Мы узнали его мужество и верность в двух критических ситуациях. Его добродушие контрастировало с просительной манерой, унаследованной от отца, лицо которого было изъедено алчностью. Турки постоянно беспокоился о том, чтобы все считали его мужчиной среди мужчин; и он всегда искал случая совершить что-нибудь дерзкое и чудесное, чтобы похвастаться своей храбростью перед девушками своего племени. Он сверх меры обрадовался новому шелковому платью, что я подарил ему за обедом, и, чтобы показать его, дважды прошелся по палаточному поселку без покрывала, подкатываясь к тем, кто казался вялым после нашей встречи.
Глава LXXIV
Стемнело задолго до того, как наш караван оставил Баир, напившись. Мы, вожди, ждали дольше, пока зебн не будут готовы. Приготовления Мифлеха включали визит к Эссаду, предполагаемому предку клана, то есть к его богато украшенному захоронению около могилы Аннада. Бени-сахр были уже достаточно оседлыми, чтобы принять предрассудки семитских деревень — священные места, святые деревья и захоронения. Шейх Мифлех думал, что сделает этот случай верным, если добавит еще один головной шнур к пестрой коллекции шнуров, обернутых вокруг надгробного камня над головой Эссада, и, что характерно, попросил нас обеспечить ему это подношение. Я вручил ему один из моих, богатый, красно-серебряный, шелковый, из Мекки, заметив, что благодать пребудет с дающим. Бережливый Мифлех всучил мне в обмен полгроша, чтобы это считалось покупкой; а когда я проходил мимо несколько недель спустя и увидел, что украшение исчезло, он громко проклинал при мне святотатство какого-то безбожного шерари, ограбившего его предка. Турки мог бы рассказать об этом больше.
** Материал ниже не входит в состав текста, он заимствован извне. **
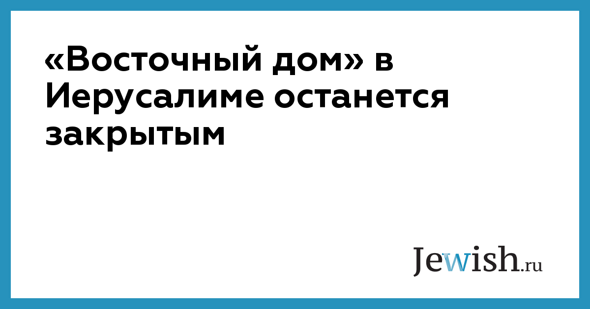 «Восточный дом» в Иерусалиме останется закрытым

Крутая старая тропа вывела нас из вади Баир. У гребня хребта мы нашли остальных, расположившихся лагерем на ночь вокруг костра, но на этот раз не было ни разговоров, ни кофе. Мы лежали близко друг к другу, затаившись и напрягая уши, чтобы расслышать трескотню пушек Алленби. Они говорили красноречиво; и от их пальбы запад вспыхивал молниями.
На следующий день мы прошли слева от Тляйтахват, «Трех сестер», белых чистых вершин, которые отмечали, как ориентир, высокий водораздел, лежащий за день пути отсюда, и спустились по мягким покатым склонам за ними. Нежное ноябрьское утро обладало мягкостью английского лета, но его красоту пришлось отогнать от себя. Я тратил свободное время на привалах и ехал на переходах среди бени-сахр, которые приучали мое ухо к своему диалекту и наполняли мою память замечаниями о племени, семейных или личных делах, что вырывались у них.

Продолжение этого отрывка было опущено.